Partagez

UN ÉCONOMISTE / UNE IDÉE – Attirer les talents ou délocaliser ? Le carrefour du succès est là

UN ÉCONOMISTE / UNE IDÉE - De Ricardo à Krugman et retour - Selon la théorie "deux fois nouvelle" du commerce international, le succès des entreprises et des pays dépend désormais plus de la formation et de la capacité à attirer les talents que de la délocalisation de la production à faible -zones salariales – Les frontières des multinationales comptent plus que celles des nations

Qu'est-ce qui explique la division internationale du travail entre nations, par exemple, au début du XIXe siècle pour que le Portugal ne produise que du vin et pour l'Angleterre que des étoffes ? Les avantages comparatifs, c'est-à-dire la spécialisation dans la production des biens pour lesquels une nation a un coût relatif (et non absolu) inférieur, répondait David Ricardo il y a près de deux cents ans. Il était commode pour l'Angleterre de ne produire que des tissus et d'importer du vin et vice versa pour le Portugal, car de cette façon l'Angleterre aurait eu plus de vin et le Portugal plus de tissu que s'ils les avaient produits en interne. Et pendant des décennies, on a continué à penser que là où il y a abondance de compétences et de professionnalisme, les produits manufacturés qui nécessitent plus de haute technologie sont exportés, et là où il y a abondance de travail, les biens qui nécessitent moins sont produits et exportés, avec des importations ils voyagent en sens inverse.

Il y a trente ans, cette idée a été contestée par Paul Krugman, partant du constat que les choses ne fonctionnaient pas ainsi. Plus de 60 % des échanges mondiaux s'effectuent entre les pays les plus avancés industriellement. Entreprises spécialisées dans les variétés d'un même produit qui étaient exportées et importées : l'Allemagne exportait Mercedes en France et importait Renault de là. Mais même cette idée a été mise en crise par l'observation des faits au cours des six ou sept dernières années.

Une grande partie du commerce international ne se déroule pas au sein de la même industrie, mais au sein de la même entreprise (multinationale). La société mère allemande exporte les intrants de production (moteur, pneumatiques) vers sa filiale en Slovénie et en importe le produit fini (la voiture). Pourquoi cela se passe-t-il, se demandent les économistes de la « nouvelle nouvelle théorie du commerce » (deux fois plus nouvelle que celles de Krugman et Ricardo) ? Parce que les entreprises tentent désespérément de retenir la main-d'œuvre qualifiée, qui se fait rare sur le marché ; la concurrence internationale ne concerne pas la main-d'œuvre peu rémunérée, mais la main-d'œuvre hautement qualifiée : c'est une « guerre des talents », dans laquelle chaque entreprise cherche à retenir ou à capter le meilleur du capital humain.

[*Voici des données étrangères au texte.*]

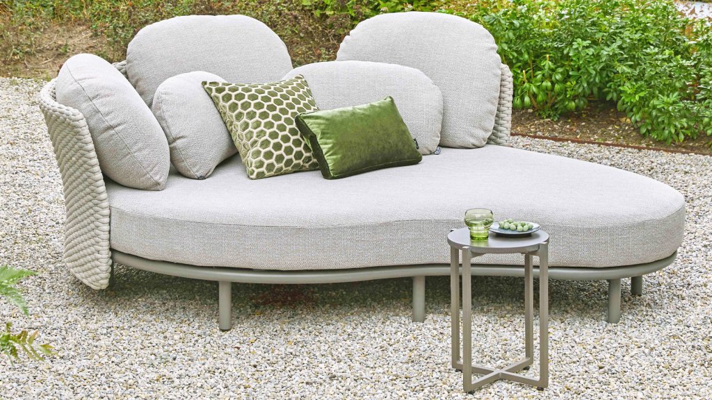 The daybed is available in two colors: Taupe and Oyster, both neutral shades that easily combine with various garden styles and colors. The backrest sections are equipped with panels made of rope wire, a material that is both durable and breathable. The cushions of the Chill Out daybed are in Smoked Grey, a subtle, light gray tone that exudes a luxurious and refined atmosphere. The cushions are made of Olefin, a material known for its excellent resistance to weather, as well as its high comfort and durability, ideal for outdoor use.
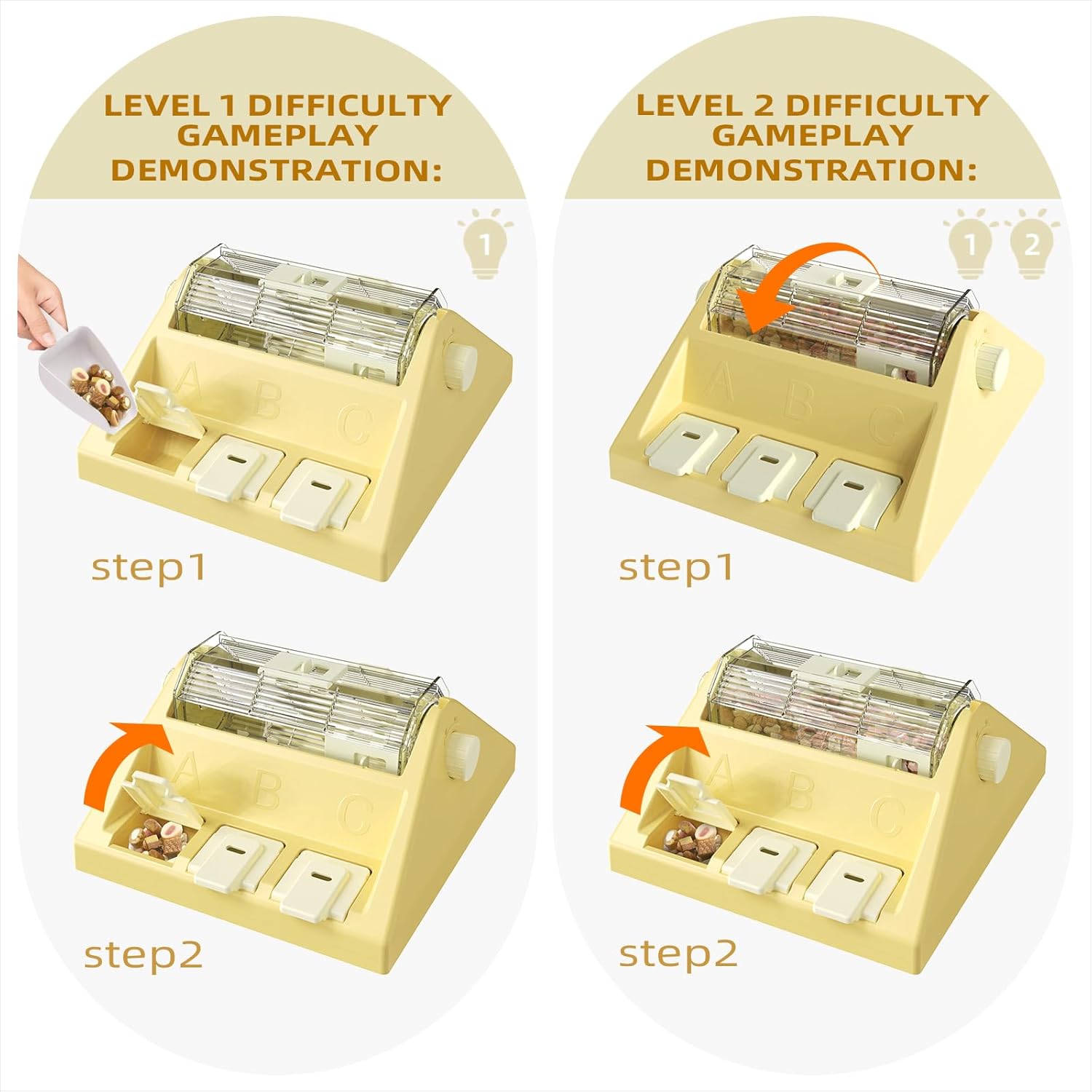 [Two Difficulty Levels for Progressive Play] This interactive puzzle toy offers two difficulty levels—Level 1 and Level 2. In Level 1, your dog can open 6 food boxes to access treats, while in Level 2, they rotate the central food cylinder to dispense food into the boxes. This progressive challenge helps keep your dog engaged and promotes problem-solving skills. The adjustable design ensures that the toy grows with your dog’s intelligence, offering an evolving experience that encourages learning and play while rewarding them with food.

Le succès de l'Allemagne en tant que pays exportateur réside précisément, expliquent les économistes de la nouvelle vague, dans sa capacité à exploiter le réservoir de main-d'œuvre hautement qualifiée en Europe de l'Est que le communisme a laissé derrière lui, réussissant ainsi à maintenir les salaires des travailleurs peu qualifiés en Allemagne. (Une autre histoire entre les États-Unis et le Mexique, où le pays hégémonique y exploite une main-d'œuvre bon marché et importe des ingénieurs informaticiens d'Asie).

La théorie « deux fois nouvelle » du commerce international n'est pas seulement une explication de la division mondiale du travail et du succès de certains pays en tant qu'exportateurs. C'est aussi une analyse des conséquences sur la vie intérieure de ces mêmes pays. Ce type d'organisation a des effets perturbateurs sur la distribution des revenus, car il génère un écart salarial croissant entre les hauts et les bas niveaux d'éducation, une augmentation spectaculaire de la rémunération des cadres supérieurs et des bas salaires pour les travailleurs moyennement qualifiés.

Une telle inégalité dans la répartition des revenus, qui ne s'était pas vue depuis 1929 aux États-Unis, est selon certains la cause de l'énorme endettement du secteur privé qui a déclenché l'explosion de la crise qui a commencé avec la chaîne de faillites des prêts hypothécaires à risque. Mais il y a plus : les frontières importantes sont devenues celles de la multinationale, pas celles de la nation et il ne suffit pas de pouvoir délocaliser la production à la recherche de bas salaires, il faut pouvoir retenir et former les talents et le professionnalisme . Peut-être qu'en Italie cette graine de vérité économique ne germe pas parce qu'elle ne trouve pas le bon terrain pour s'enraciner.